- [What you should do]
Leave out the pictures, and print exactly the lines from the one holding "⑦直進していくと目印に「阪急川西能勢駅」が見えてきます。" through the last line of the material.

- [Supplied information]
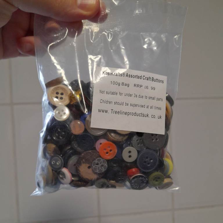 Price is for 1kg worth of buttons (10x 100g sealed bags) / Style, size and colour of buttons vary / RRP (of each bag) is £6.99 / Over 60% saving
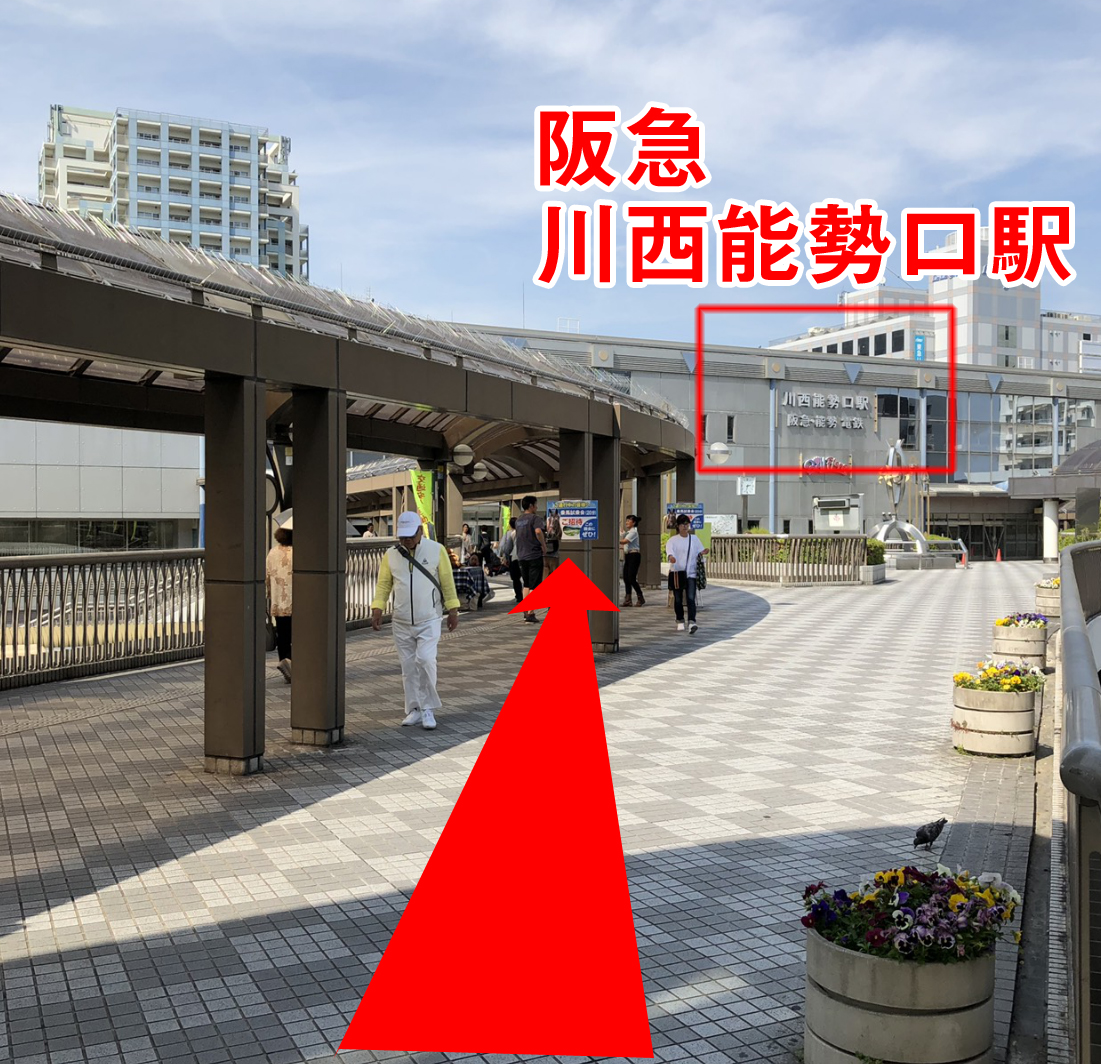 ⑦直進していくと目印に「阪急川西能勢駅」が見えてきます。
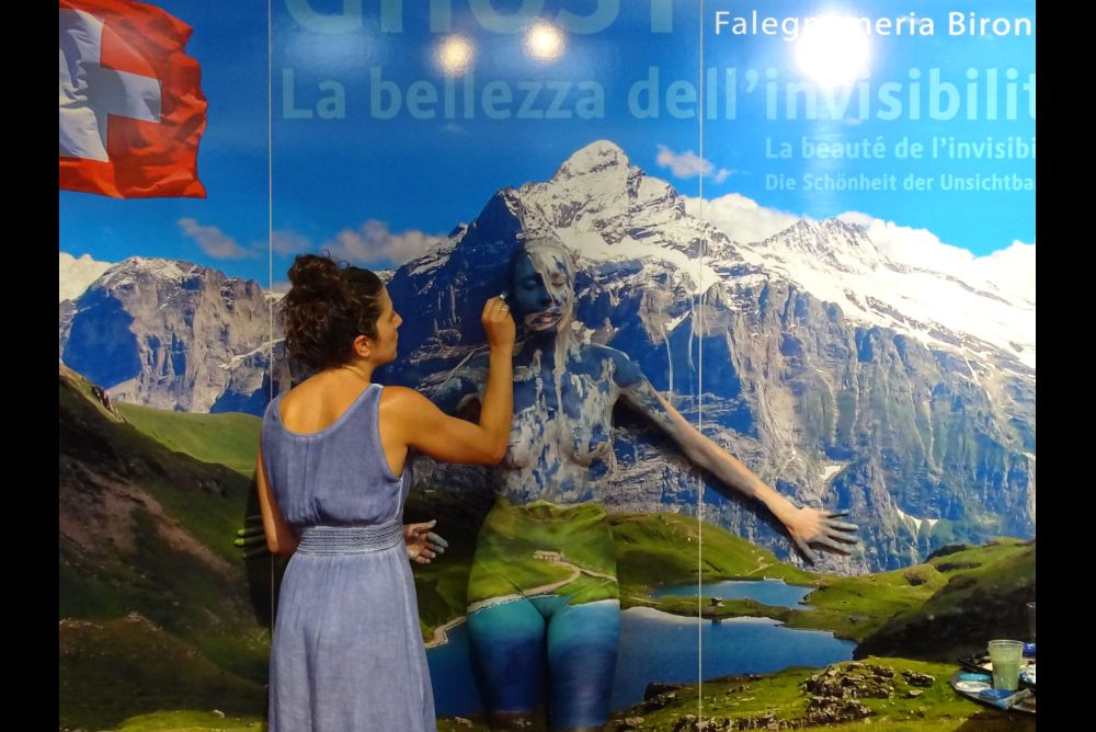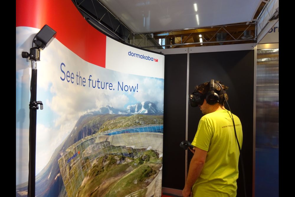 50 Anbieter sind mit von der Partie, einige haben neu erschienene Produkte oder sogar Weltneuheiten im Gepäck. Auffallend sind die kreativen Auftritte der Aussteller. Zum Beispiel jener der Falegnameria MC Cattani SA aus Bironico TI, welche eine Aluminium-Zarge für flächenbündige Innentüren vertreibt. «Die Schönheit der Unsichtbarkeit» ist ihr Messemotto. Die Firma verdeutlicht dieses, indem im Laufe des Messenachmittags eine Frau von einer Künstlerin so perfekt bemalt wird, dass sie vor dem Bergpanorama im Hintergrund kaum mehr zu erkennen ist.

- [Exercise solution]
 ⑦直進していくと目印に「阪急川西能勢駅」が見えてきます。
 50 Anbieter sind mit von der Partie, einige haben neu erschienene Produkte oder sogar Weltneuheiten im Gepäck. Auffallend sind die kreativen Auftritte der Aussteller. Zum Beispiel jener der Falegnameria MC Cattani SA aus Bironico TI, welche eine Aluminium-Zarge für flächenbündige Innentüren vertreibt. «Die Schönheit der Unsichtbarkeit» ist ihr Messemotto. Die Firma verdeutlicht dieses, indem im Laufe des Messenachmittags eine Frau von einer Künstlerin so perfekt bemalt wird, dass sie vor dem Bergpanorama im Hintergrund kaum mehr zu erkennen ist.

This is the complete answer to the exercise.